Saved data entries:
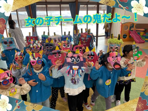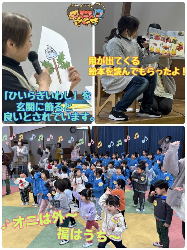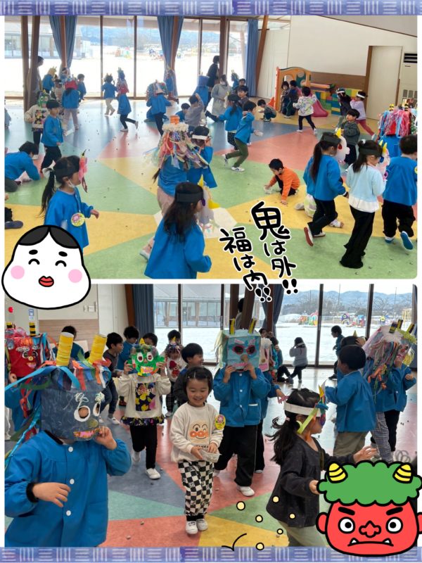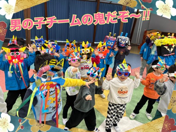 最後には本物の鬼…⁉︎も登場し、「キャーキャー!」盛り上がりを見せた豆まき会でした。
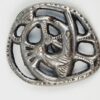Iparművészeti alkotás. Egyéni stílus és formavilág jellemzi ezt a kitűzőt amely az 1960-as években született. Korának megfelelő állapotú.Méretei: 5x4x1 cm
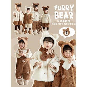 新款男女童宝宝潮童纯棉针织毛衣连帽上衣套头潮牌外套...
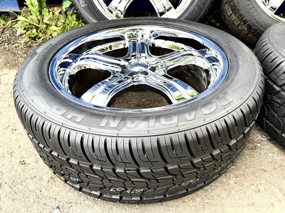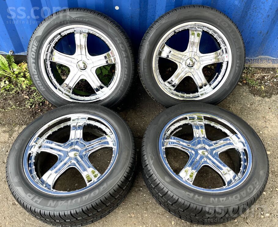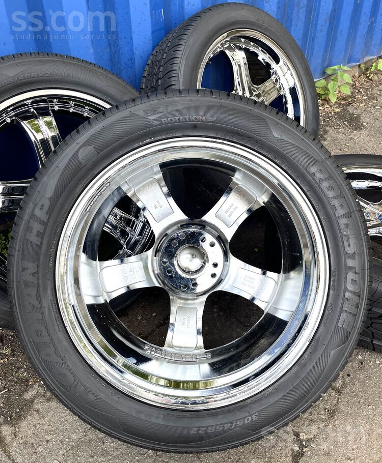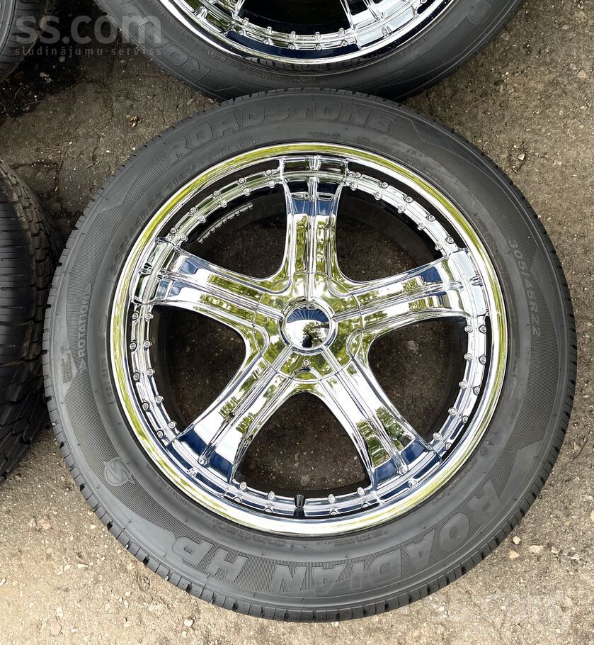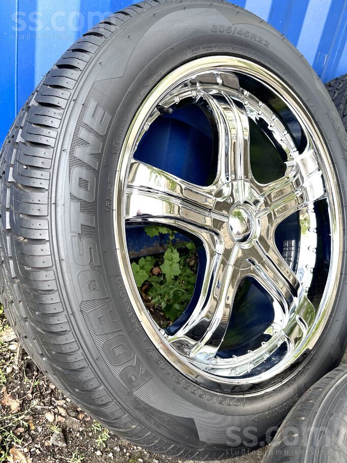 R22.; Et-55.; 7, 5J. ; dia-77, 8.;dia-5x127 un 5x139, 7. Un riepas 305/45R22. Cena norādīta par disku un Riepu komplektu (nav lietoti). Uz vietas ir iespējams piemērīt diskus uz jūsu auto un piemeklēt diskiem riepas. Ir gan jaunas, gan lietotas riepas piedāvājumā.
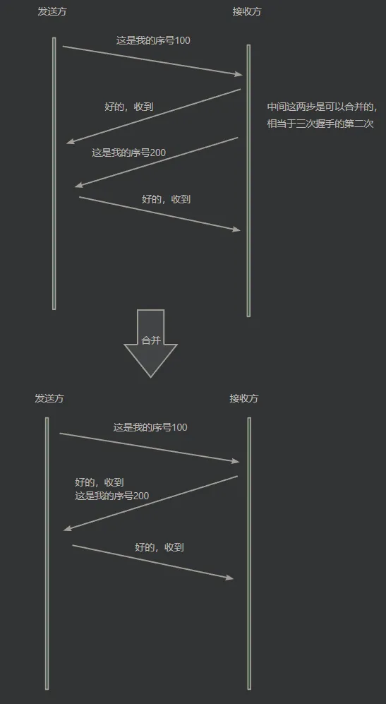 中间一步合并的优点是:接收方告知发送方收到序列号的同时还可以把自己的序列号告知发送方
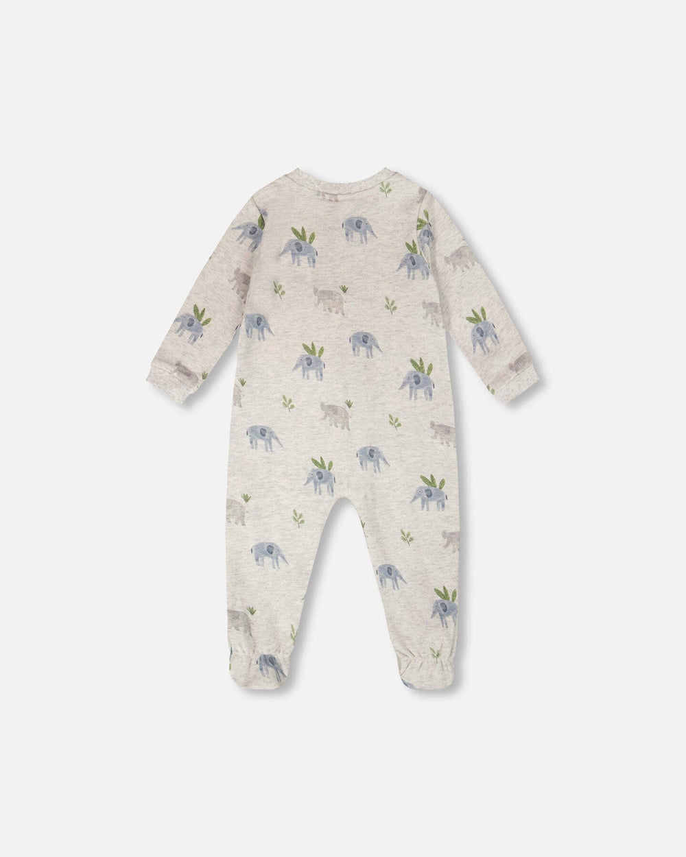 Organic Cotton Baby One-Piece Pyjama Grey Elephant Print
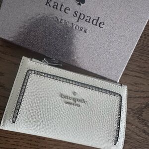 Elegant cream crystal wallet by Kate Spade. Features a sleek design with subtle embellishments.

• [Task statement] All the records need to be retyped word for word, except for the pictures.

• [Solution]
 最後には本物の鬼…⁉︎も登場し、「キャーキャー!」盛り上がりを見せた豆まき会でした。
Iparművészeti alkotás. Egyéni stílus és formavilág jellemzi ezt a kitűzőt amely az 1960-as években született. Korának megfelelő állapotú.Méretei: 5x4x1 cm
 新款男女童宝宝潮童纯棉针织毛衣连帽上衣套头潮牌外套...
 R22.; Et-55.; 7, 5J. ; dia-77, 8.;dia-5x127 un 5x139, 7. Un riepas 305/45R22. Cena norādīta par disku un Riepu komplektu (nav lietoti). Uz vietas ir iespējams piemērīt diskus uz jūsu auto un piemeklēt diskiem riepas. Ir gan jaunas, gan lietotas riepas piedāvājumā.
 中间一步合并的优点是:接收方告知发送方收到序列号的同时还可以把自己的序列号告知发送方
 Organic Cotton Baby One-Piece Pyjama Grey Elephant Print
 Elegant cream crystal wallet by Kate Spade. Features a sleek design with subtle embellishments.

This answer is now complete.